Soit (x1 , . . . , xp ) une famille de vecteurs de E. On lui associe l’application linéaire φ de Kp dans E qui,
p
à (λ1 , . . . , λp ) associe la combinaison linéaire λk xk .
k=1
Propriétés : 1) (x1 , . . . , xp ) est libre si et seulement si φ est injective ;
2) Im φ = Vect (x1 , . . . , xp ) ;
(x1 , . . . , xp ) est génératrice si et seulement si φ est surjective ;
3) (x1 , . . . , xp ) est une base de E si et seulement si φ est un isomorphisme.

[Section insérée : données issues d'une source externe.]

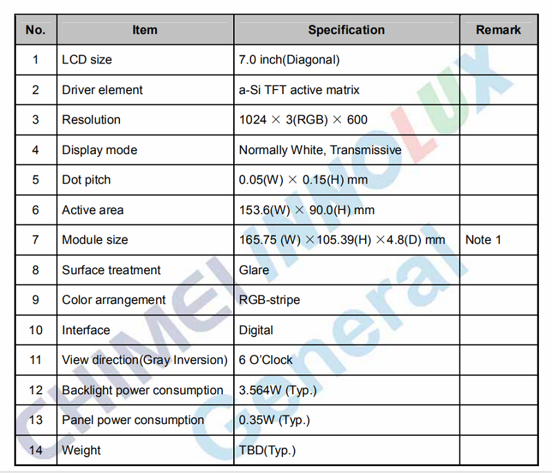 品名: 7寸群創(chuàng)1024*600準(zhǔn)工業(yè)液晶屏

6) Image d’une famille de vecteurs par une application linéaire


E et F sont deux K-espaces vectoriels.
Théorème : soient u ∈ L(E, F ), F = (xi )i∈I une famille finie de vecteurs de E et u(F) = (u(xi ))i∈I .
a) Si F est une famille génératrice de E, alors u(F) est une famille génératrice de Im u.
b) Si F est liée, alors u(F) est liée.
c) Si F est libre et u injective, alors u(F) est libre.
Théorème : soit u ∈ L(E, F ) et B une base de E.
a) u est surjective si et seulement si u(B) est une famille génératrice de F .
b) u est injective si et seulement si u(B) est libre.
c) u est bijective si et seulement si u(B) est une base de F .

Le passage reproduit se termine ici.